The UK’s inflation rate rose to 0.6% in June as the coronavirus lockdown began to ease.
The Consumer Prices Index (CPI) picked up slightly from May’s four-year low of 0.5%, the Office for National Statistics (ONS) said.
Food and alcohol prices fell, but prices for clothing and games rose, the ONS said.
Despite the slight increase in the rate, inflation remains below the Bank of England’s 2% target.
Jonathan Athow, deputy national statistician for economic statistics at the ONS, said: “The inflation rate has increased for the first time this year, but remains low by historical standards.
“Due to the impact of the coronavirus, clothing prices have not followed the usual seasonal pattern this year, with the normal falls due to the start of the summer sales failing to materialise.
“Prices for computer games and consoles have risen, but food prices, particularly vegetables, have fallen.”
Inflation has fallen sharply during the coronavirus crisis as consumer demand has slumped.
In June, men’s clothing in particular rose in price, with increases coming “across almost the full range”, the ONS said.
Women’s clothing showed “a more mixed picture across the different products”, but with the overall effect still upward.
Games, toys and hobbies, particularly computer games and computer games consoles, made the biggest contribution to the inflation rise, the ONS said.
“It is possible that prices have been influenced by the coronavirus (Covid-19) lockdown changing the timing of demand and the availability of some items, particularly consoles,” the ONS added.
What is inflation?
Inflation is the rate at which the prices for goods and services increase.
It’s one of the key measures of financial wellbeing because it affects what consumers can buy for their money. If there is inflation, money doesn’t go as far.
It’s expressed as a percentage increase or decrease in prices over time. For example, if the inflation rate for the cost of a litre of petrol is 2% a year, motorists need to spend 2% more at the pump than 12 months earlier.
And if wages don’t keep up with inflation, purchasing power and the standard of living falls.
Since many areas of the economy were completely shut down in June, the ONS said it had to estimate or “impute” some of the data.
Jeremy Thomson-Cook, chief economist at financial services firm Equals, said the slight increase in the inflation rate was “a positive sign”, but added that the outlook remained “messy”.
“Food prices are falling from lockdown levels, clothing demand is out of kilter with typical seasonal patterns, demand for entertainment during lockdown provided a pronounced bump in prices, and the ONS has only been able to log 84% of the normal price quotes due to unavailability,” he said.
“For now, however, inflation remains low, and both consumers and the Bank of England will be happy with that.”

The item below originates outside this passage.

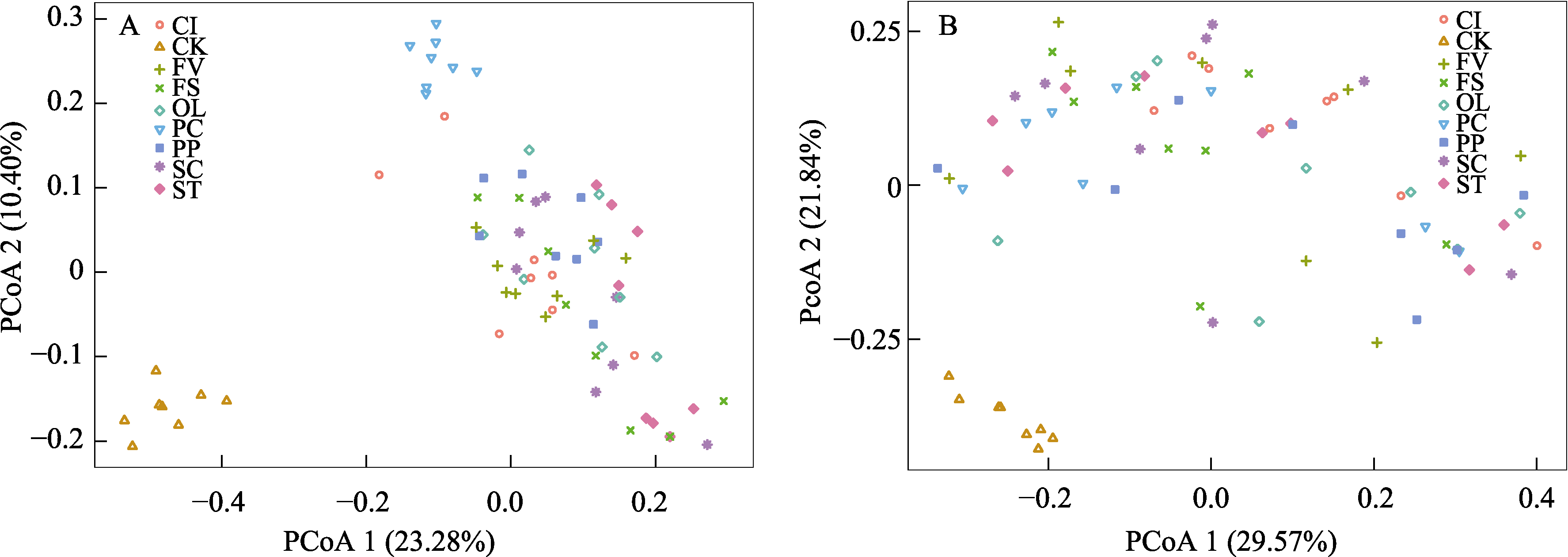 图2 PcoA分析细菌(A)和线虫(B)群落对单独添加不同植物凋落物的响应。CK: 对照处理; PC: 望天树; ST: 绒毛猴欢喜; SC: 华马钱; OL:蚁花; PP: 番龙眼; FV: 黄葛树; FS: 羊乳榕; CI: 印度锥。 |

Paul Dales, chief UK economist at Capital Economics, said the small rise in inflation was unlikely to be sustained and that deflation was “around the corner”.
“In fact, by July or August, CPI inflation may have fallen below zero,” he said.
Discounting from retailers and the impact of Chancellor Rishi Sunak’s “eat out to help out” scheme would push inflation down, he said.
Mr Dales said any bout of deflation would last just a few months, but added: “It will be a few years before the economy is strong enough to raise inflation to the 2% target.”